В уэлбекском портрете есть ещё одна интригующая особенность: бриллианты, украшающие Елизавету Рэтленд, выглядят на картине тёмными, почти чёрными. Специалисты затрудняются делать определённое заключение о причине столь странного явления: то ли лак, то ли пигмент оказался в этом единственном случае некачественным и не выдержал испытания временем, то ли художник специально, по желанию заказчиков, изобразил бриллианты этой необыкновенной женщины чёрными, скрывающими своё сияние!
«Прославление Чарис» и маска «Гименей» во многом являются продолжением появившейся ещё в 1600—1601 годах джонсоновской пьесы «Развлечения Синтии», полной намёков в адрес Елизаветы Сидни, только что ставшей графиней Рэтленд. В очень интересном посвящении, как и в ряде других случаев, Джонсон обыгрывает смысловое значение фамилии Рэтлендов — «Manners». Упоминание об Аполлоне, «который теперь направляет Синтию», — прямая аллюзия на недавно заключённый брак Елизаветы; ей адресована и подпись автора: «Твой слуга, но не раб». Сохранился экземпляр пьесы с дарственной надписью Джонсона Люси Бедфорд: «Ярчайшей из звёзд Синтии». О тесной дружбе Елизаветы с Люси знали все. Другая джонсоновская надпись — на рукописной копии «Оды восторженной», опубликованной потом в честеровском сборнике, когда Джонсона не было в Англии, — свидетельствует, что появление этой книги не обошлось без участия Люси.

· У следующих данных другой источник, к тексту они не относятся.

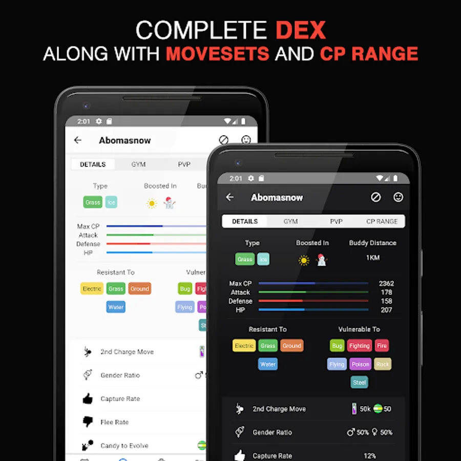 Complete Dex with complete details about the Pokemon along with Gym, PvP Movesets and CP Range for all levels.

Джонсоновская Чарис — это Елизавета Рэтленд, бывшая центральной фигурой празднества в Уайтхолле по случаю бракосочетания её юного брата. Люси Бедфорд после воцарения Иакова была непременной участницей дворцовых увеселений, особенно джонсоновских масок, и её присутствие возле королевы никого не могло особенно поразить. А вот появление во дворце и участие в театрализованном празднестве дочери Филипа Сидни, о необычных отношениях которой с мужем к тому времени, наверное, уже знали все (а кое-кто знал о бельвуарской чете и более того), действительно было событием, и неудивительно, что взоры собравшихся устремились на неё: молодая поэтесса затмевала всех, в том числе и девочку-невесту.
Для Елизаветы это первое и последнее участие в придворном представлении стало, наверное, самым ярким, надолго запомнившимся событием в её небогатой внешними эффектами жизни книжницы и лесной затворницы. Хозяйственные записи дворецкого отражают значительные расходы — более тысячи фунтов стерлингов — не только на наряды и обувь для пьесы-маски, но и на трёхнедельное пребывание в Уайтхолле (с 16 декабря 1605 до 8 января 1606 г. [120] ); по ним можно судить о продолжительности репетиций. Скорей всего, портреты Люси Бедфорд и Елизаветы Рэтленд написаны именно в эти дни, и можно представить, сколько забот и волнений было у молодой женщины (всего лишь двадцати лет от роду) и её верного поэтического оруженосца Бена Джонсона, — об этих днях он вспоминал со светлой и печальной улыбкой через много лет, когда Елизавета Рэтленд, его Муза, его Чарис, несравненная Феникс, уже давно была в Элизиуме, а после отгремевших в 1606 году празднеств осталась лишь тоненькая книжка — первое кварто «Гименея» да эхо последовавших трагических событий.
120
Все даты в книге даются по грегорианскому календарю, который был введён в Англии только в середине XVIII столетия. До этого (а значит, и в шекспировские времена) новый год начинался 25 марта.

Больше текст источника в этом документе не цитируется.